=== Begin Enclosure ===
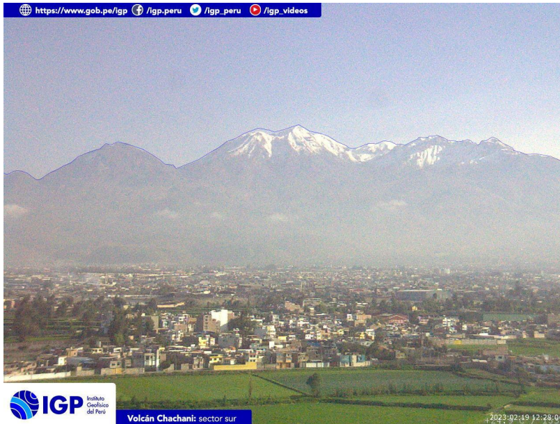
Figura 4.- Imagen de monitoreo del volcán Chachani capturada por la cámara de monitoreo Chachani 1, ubicada en el sector sur del volcán. La hora corresponde a formato UTC.
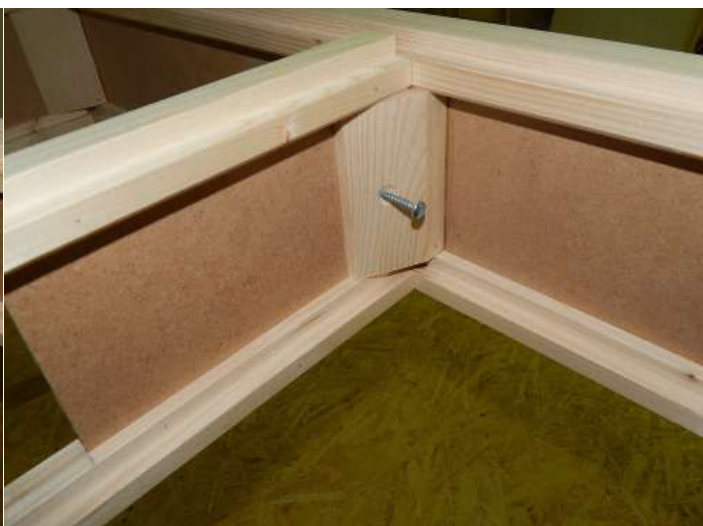
Montáž výztuhy do čela rámu kolejiště
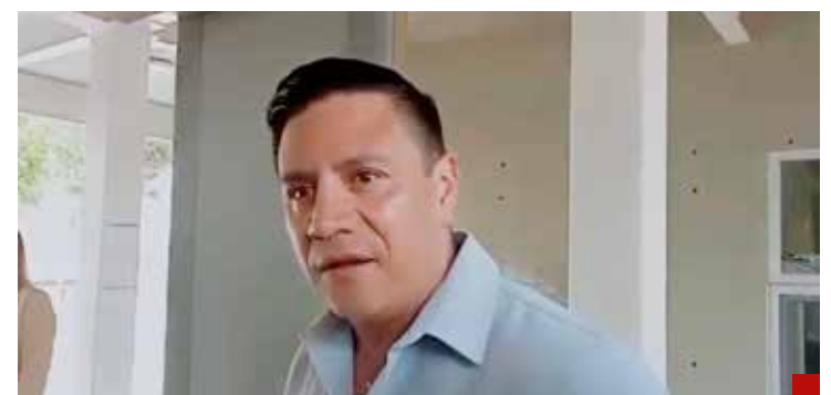
Autoridades judiciales de Morelos ya le pisan los talones a Ulises Bravo.
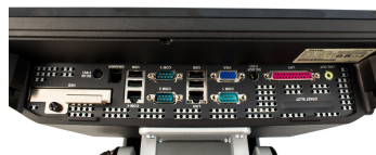
Die umfangreiche Schnittstellenausstattung der Titan-Serie erfüllt auch höchste Anforderungen

Ein benutzerfreundliches Kabelmanagement für einen durchorganisierten Kassenplatz
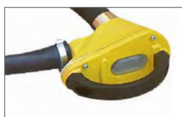
VX (D) version (ergonomiskt handtag för golv)

Tillverkad under standarder: EN 60745-2-12:2003 EN 60745-1:2003
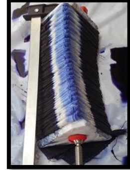
خطوة (11) خطوة (10) خطوة (9)
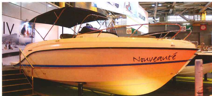
L'Activ 805 Open était notamment à découvrir au Nautic de Paris sur le stand Quicksilver.

ASSURANCE (avec 2 x 200 ch) Avec Prime annuelle : 565,40 € Franchise : 700 €
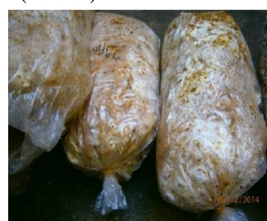
b). Perlakuan B dengan substrat jerami
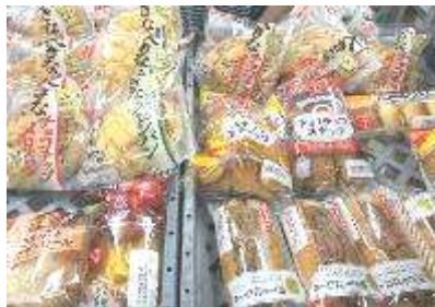
体育大会で保護者にパン販売
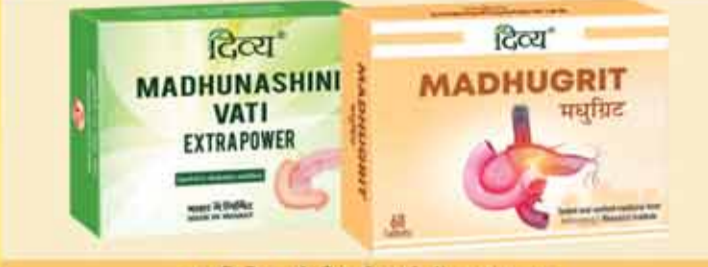
खयबिटीज को रिवर्स करने में लाभदायक
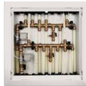
■ Løsning D Roth Quickskap med ny Roth QuickStop.
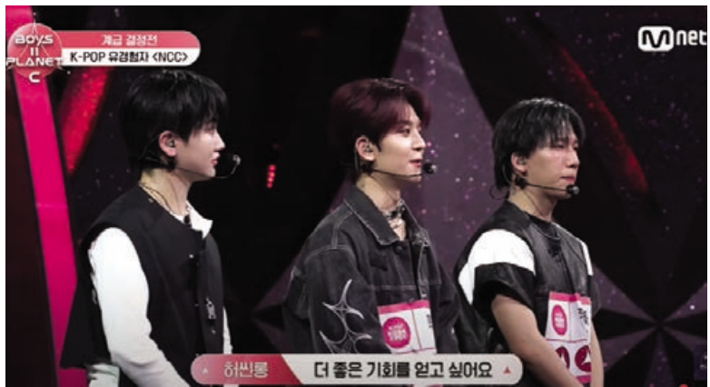
▲ 출처 : Mnet

서경대 언어문화교육원 홍보대사 보이스토리, <보이즈 2 플래닛>에서의 성장과 도전
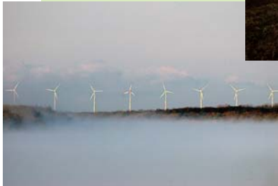
天塩川の朝霧と風車
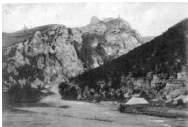
Ostaci tvrđave Boćac, na vrhu stijene

Boćac: Prvu posadu Boćca, koja se u izvorima javlja od 1530. g., činili su graničari-ulufedžije među njima i imam. Do 26. ramazana 946
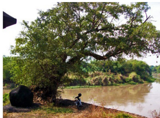
Foto 1. Batu tempat Joko Tingkir bersemedi di tempuran Sungai Bengawan Solo dan Sungai Pepe

Cerita mengenai Joko Tingkir sebagaimana tertulis dalam Babad Tanah Jawi ini diakui kebenarannya oleh masyarakat di tepi Bengawan Solo. Hal ini dibuktikan dengan adanya batu segi empat berukuran 50 x 50 cm dengan tinggi 80 cm terletak di tepi barat Bengawan Solo wilayah Surakarta yang dipercaya sebagai tambatan perahu Joko Tingkir. Tidak hanya itu saja, sebuah batu hitam besar dengan tinggi sekitar 150 cm juga ditemukan di tepi barat Bengawan Solo, di daerah pertemuan Sungai Pepe dan Bengawan Solo, dipercaya sebagai tempat bersemedi Joko Tingkir. Adanya sesajen berupa bunga-bunga di kedua batu tersebut menunjukkan bahwa dianggap keramat oleh masyarakat tepi Bengawan Solo. Pemberian sesajen dan semedi yang dianggap sebagai peninggalan Joko Tingkir itu merupakan upaya pemujaan roh nenek moyang, dan dilakukan oleh orang-orang Jawa untuk mendapatkan keselamatan dan kesejahteraan (Koentjaraningrat 1994: 343) (Foto 1).
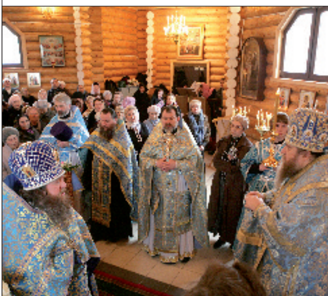
Церковь Благовещения Пресвятой Богородицы. Пенза. Советская площадь

Божественная литургия в Благовещенской церкви. 7 апреля 2011 года
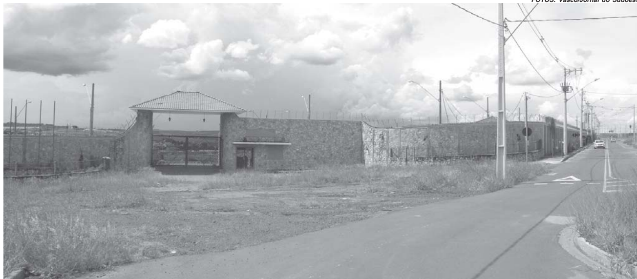
Área do SESC localizada no Jardim Mediterrâneo é pleiteada para ser futuras instalações da UFLA
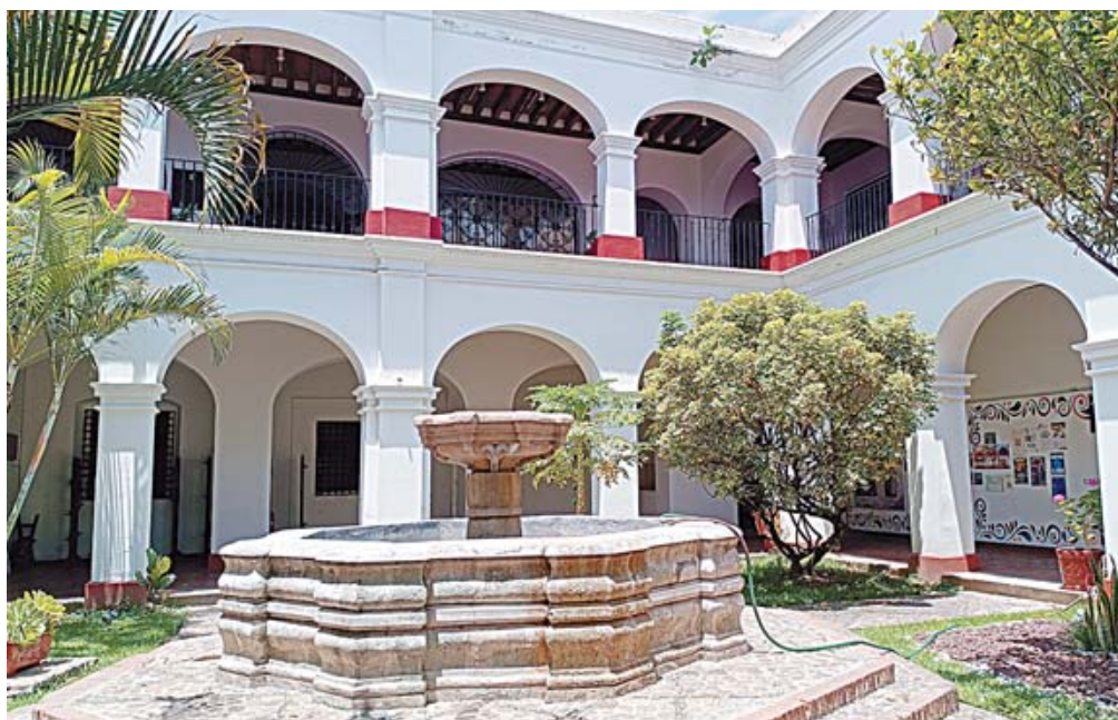
La Casa de la Cultura Oaxaqueña celebrará este 2 y 3 de julio su aniversario 55.
=== End Enclosure ===
Count the lines in the material above where the word "Boćac" occurs, and reply with nothing but the number.

> _Exercise response_
2